Prototype
Describe your experience/working prototype: What did you create, how, etc.? What tools and technologies were involved? Include appropriate content and illustration (e.g. a concept video, a video of the device in operation, diagrams, code, etc.)
Our experience takes place in a private but shared space through the virtual reality environment and involves the creation of three separate components that will come together to work as a whole. Using Unity to create the digital, ritual space, a scene was built that situates users in a beautiful, isolated location. Users are able to pull in digital memories, such as photographs, that are perhaps meaningful, but cause them pain or stress or hold them back from moving on with their lives. With gesture control, users can pick up their digital memory, interacting with the digital memory in a pseudo-tangible way to look at and react to once more. Attaching the digital memory to a waiting sky lantern, the user can raise their hands and release the memory from their lives. Looking into the sky, the user can see all other lanterns that have been released into the sky, by any other user who has ever entered this VR environment. This helps the user feel like they are part of a collective human experience while they are vulnerable and revisiting an unhappy memory, turning a potentially isolating, lonely experience into a warmer, unifying experience.
This experience is supported with a tangible object, a lantern representing the experiences inside the digital world. When a user, anywhere in the world, releases a memory in the VR environment, the lantern’s Particle base will light up and chime. Lights will then project from the top of the lantern, mimicking the sky within the VR environment. For anybody in the vicinity of the lantern, this physical embodiment of the digital release will build empathy for the general relationship and personal struggles of humans. If they are themselves struggling with moving on, it will further serve as a subtle form of encouragement.

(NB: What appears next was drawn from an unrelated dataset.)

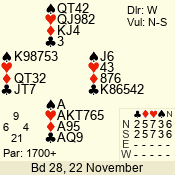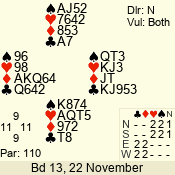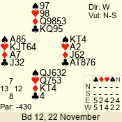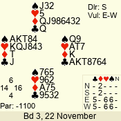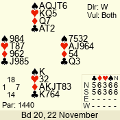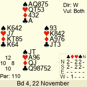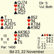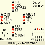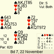 | Con | Dc | Res | Score | Ld | Pairs | Rd | Tbl | | 6 N | N | +1 | 1470 | 6 | 07 - 02 | 6 | 7 |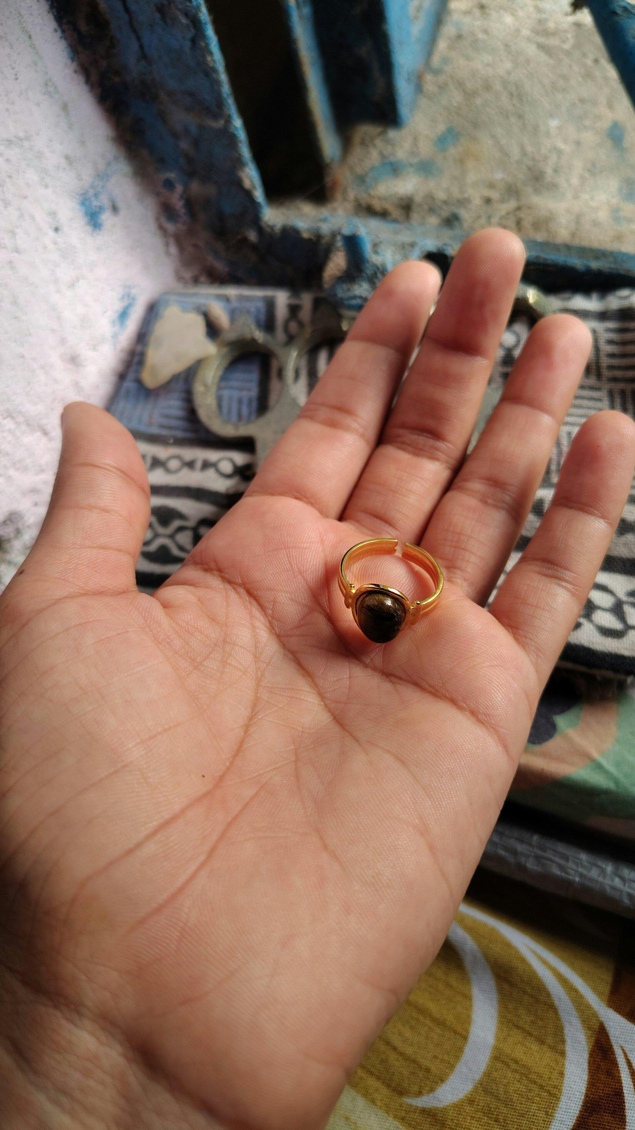 Crafted from durable stainless steel and finished with a brilliant 18k gold plating, this ring is built to last and maintain its radiant shine. The beautiful brown stone and polished gold work together to create a luxurious and harmonious accessory.

For the lantern itself, we had some rough sketches from our first ideation meeting, precedents from children’s night light toys, and constraints based on the technology we needed to include. The Hue lightbulb we planned to use and the Particle board with LED string dictated the dimensions necessary for our object. With the dimensions set, it was just a matter of working within those constraints to come up with a shape that would be reminiscent of a sky lantern, allowing ritual experiencers to make a direct connection between the VR experience and the tangible object. We created the pattern with Illustrator, figured out allowances based on the width of our acrylic material (1/8 inch), adjusted the pattern appropriately and cut all pieces out with a laser cutter, assembling them with a fast-acting plastic glue.
The Particle board within the base section of the lantern controls a speaker and a string of LEDs wired in parallel. Its main function is controlled via the Particle API and is remotely called by the VR program every time a lantern is released. Once this call happens, the Particle plays a bell chime sound with the speaker and smoothly turns the LEDs on and off over the course of several seconds. To connect this action with the VR experience, we mirrored the chime sound within the virtual world.